Authors: Laura A. Sanchis and Arun Jagota


We describe and analyze test case generators for the maximum clique problem (or equivalently for the maximum independent set or vertex cover problems). The generators produce graphs with specified number of vertices and edges, and known maximum clique size. The experimental hardness of the test cases is evaluated in relation to several heuristics for the maximum clique problem, based on neural networks, and derived from the work of A. Jagota. We also compare the performance of the different algorithms on the generated graphs.

Our results show that the hardness of the graphs produced by this method depends in a crucial way on the construction parameters; for a given edge density, challenging graphs can only be constructed using this method for a certain range of maximum clique values; the location of this range depends on the expected maximum clique size of random graphs of that density; the size of the range depends on the density of the graph.
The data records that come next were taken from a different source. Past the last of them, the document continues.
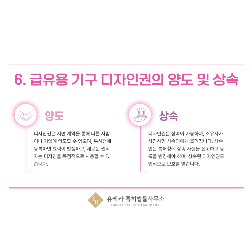 디자인권은 재산적 가치가 있는 권리이므로 권리자가 사망하면 상속 재산에 포함되어 상속인에게 승계됩니다. 상속인은 권리자의 지위를 이어받아 급유용 기구 디자인을 독점적으로 사용할 수 있고, 침해가 발생했을 때도 법적으로 대응할 수 있습니다. 다만 상속 사실만으로는 제3자에게 효력이 완전히 인정되지 않으며, 특허청에 상속 등록을 해야 권리가 공식적으로 보호됩니다. 따라서 상속인이 권리를 안정적으로 행사하기 위해서는 신속히 등록 절차를 마치는 것이 필요합니다.
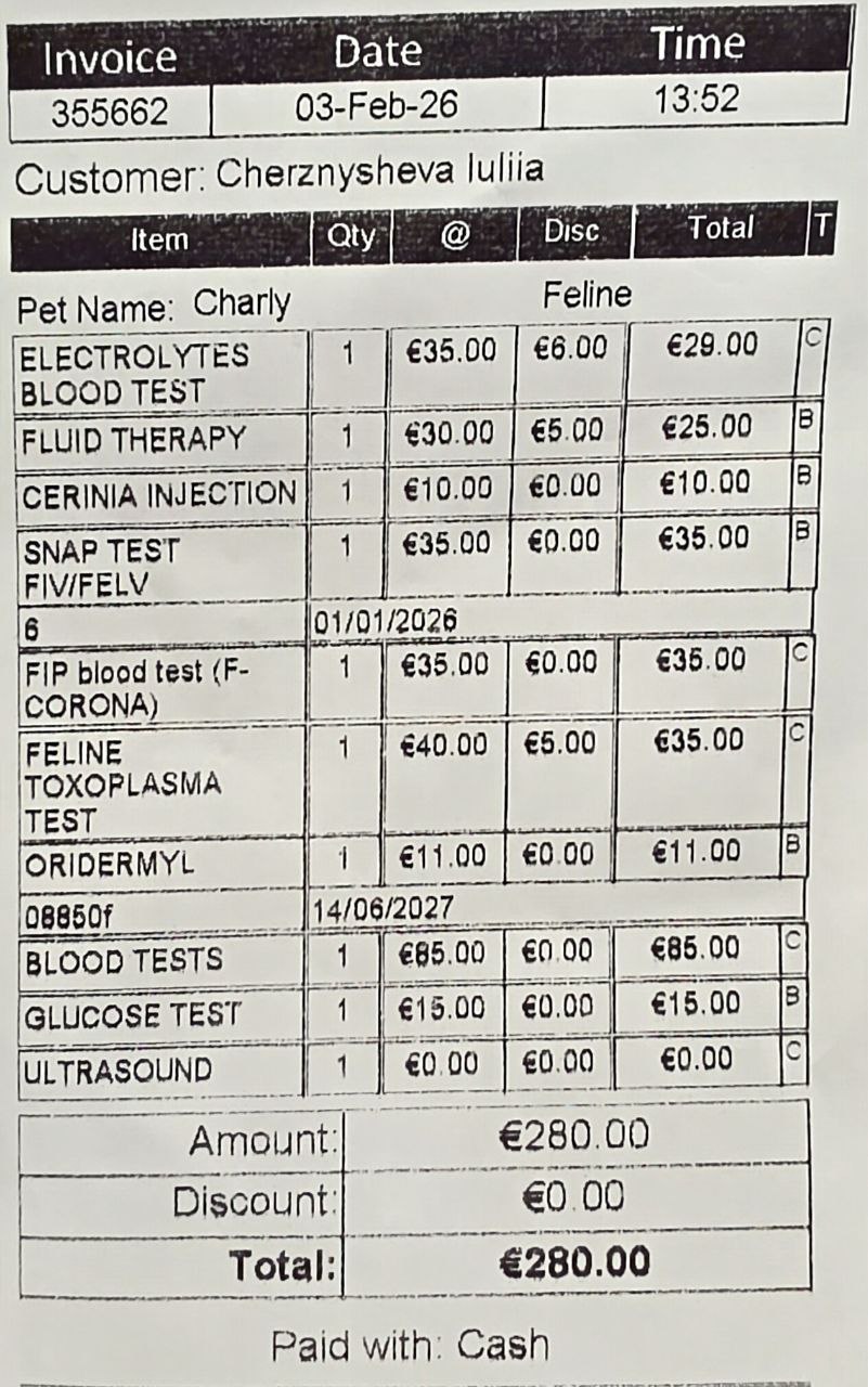Пока я заплатила только за анализы и за предыдущий эмёрдженси визит в другой клинике - это €280 + €215.4 = €495.4
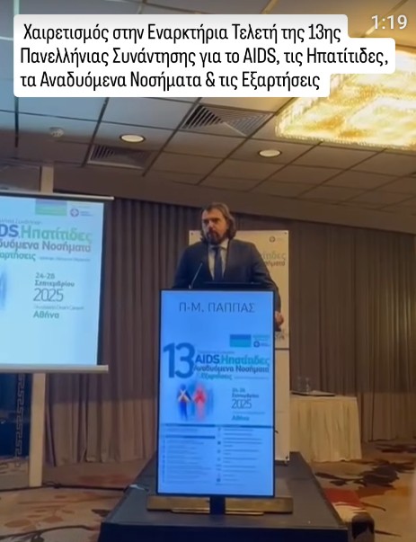 Εναρκτήρια Τελετή της 13ης Πανελλήνιας Συνάντησης για το AIDS, τις Ηπατίτιδες, τα Αναδυόμενα Νοσήματα & τις Εξαρτήσεις
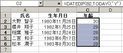 セルC2に”=DATEDIF(B2,TODAY(),"Y")”と入力されています
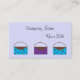 A stylish chic business card in pale blue with three fun purses in blue and purple with chocolate brown accents. Great for any boutique or accessory type business. Customise with your informaiton as desired.
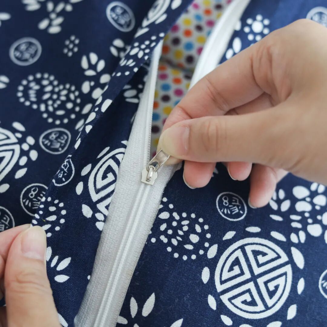 再将它厚厚地装填到手工缝制的内胆布里,拍打均匀,缝制16宫格走线。

In addition, one of the algorithms, based on reinforcement learning techniques, has more success than the others at solving the test cases produced by the generators.

We also present some NP-completeness results showing that (in spite of what might be suggested by the results just mentioned) the maximum clique problem remains NP-hard even if the domain is restricted to graphs having a given constant edge density and a constant ratio of the maximum clique size to the number of vertices, for all valid combinations of such values.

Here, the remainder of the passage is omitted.